As the recent Select Committee on the Future of Work and Workers found, Australia has no coordinated approach to managing the future of work in Australia. I regard this fact alone as a very bright red-light risk for Australia. Ultimately, how can there be prosperity if we enter a world of permanently high unemployment and permanently higher underemployment?

I also have a perspective on the dangers our body politic faces if a lack of political engagement further deepens the trust deficit. Whether it be the banks, the Catholic church, the parliament or the tax office—indeed, even the national cricket team lost the faith of our people for a period of time. What I see is an alarming loss of trust in institutions, some fraying of our social cohesion, and a growing sense that many institutions are more self-serving than selfless. In 2019, the Lowy Institute Poll found that 30 per cent of 18- to 29-year-olds said that, in some circumstances, a non-democratic government can be preferable. That's one in three young people. Polling carried out by the Australian Museum of Democracy said that, if current trends continue, Australians' trust in their politicians and political institutions will drop to less than 10 per cent by 2025. Putting this in a commercial sense, a business with so little trust from consumers will simply go out of business. That cannot be the fate of our democracy.

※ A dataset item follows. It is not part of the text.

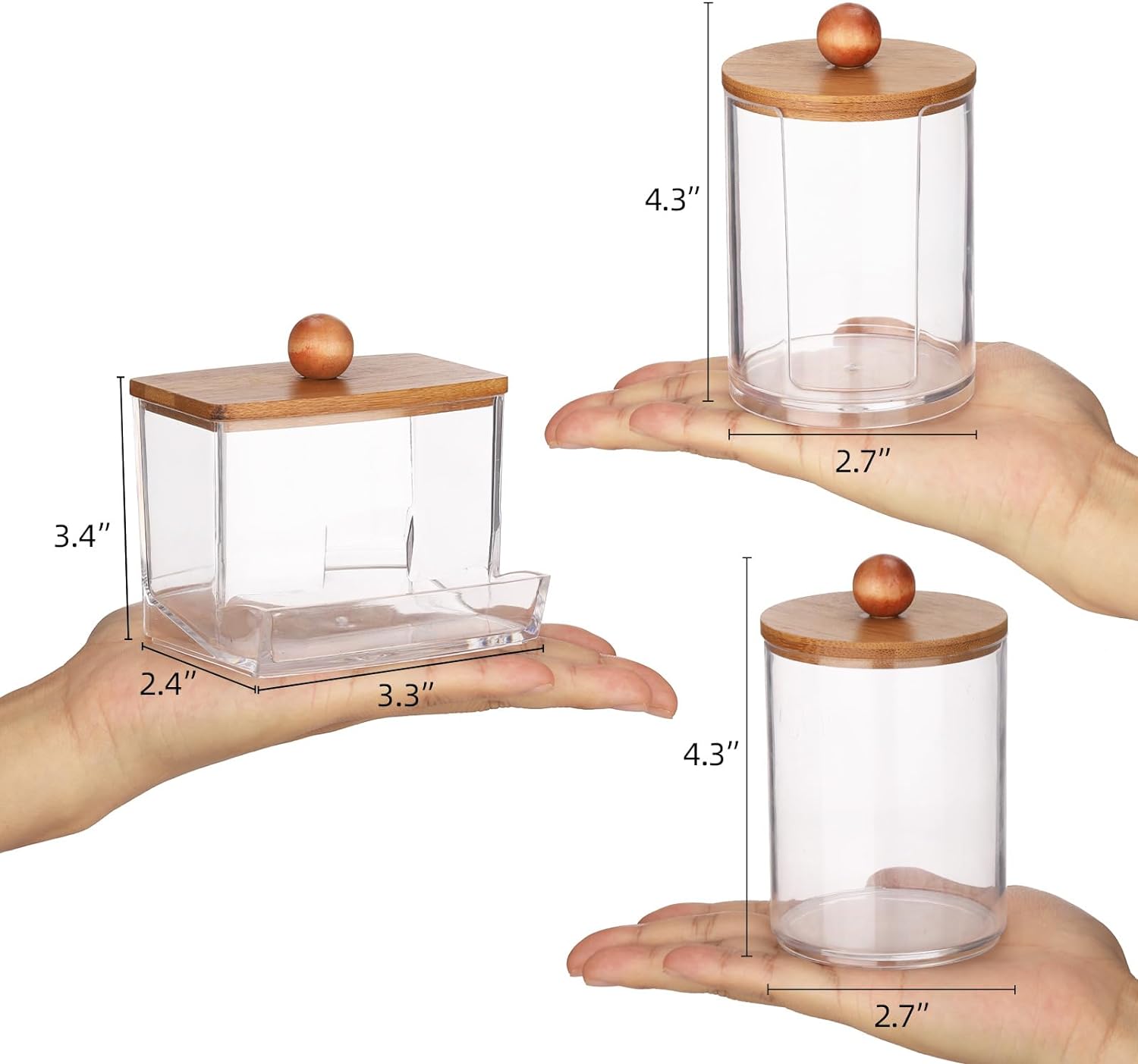 Tbestmax Bathroom Organizer Accessories Set-10 oz,7 oz Qtips Holder Storage with Bamboo Lids, Cotton Ball/Swabs Dispenser, Apothecary Jar 3 Pcs

Our parliamentarians generally have a lot of common ground, and it's a tragedy that the Australian public is not more aware of it. We need a parliamentary office to communicate the good bipartisan work that gets done here. I believe in plain speaking; in evidence-based policy; in less politics and more policy; and in governments and parliaments who lead and not follow—all underpinned by a core belief in the very decency, fairness and compassion my parents taught their children, Whilst I look forward to the ferocious debate, I utterly reject the notion of winning at all costs, because I believe in my duty to the people of New South Wales and of Australia.

I wish to conclude with the final but most important acknowledgement: I want to thank all of the members of the Transport Workers' Union and every working person who has supported me for so many years. I say to every transport worker in Australia: because you are the men and women who carry Australia, you deserve the respect of all Australians. Some of you are no doubt listening on parliamentary radio as you drive a long haul on the Pacific, Sturt, Bruce or Eyre highways; some working late shifts at the airport, or sitting in the tearoom; and others just getting home, exhausted, to their waiting families. I want to say to these great men and women: it has been my honour to serve you. I'm here because of you, and, now more than ever, in this place I am your servant. To those families who have lost loved ones on the altar of profit, driven by greed or misused technology, or allowed by failed regulation: I remember every single one of you.

I'm honoured to be in this wonderful chamber, and determined to do good and to grasp the moment with everything I have. Thank you, senators; thank you, friends; thank you, family; and thank you, good President.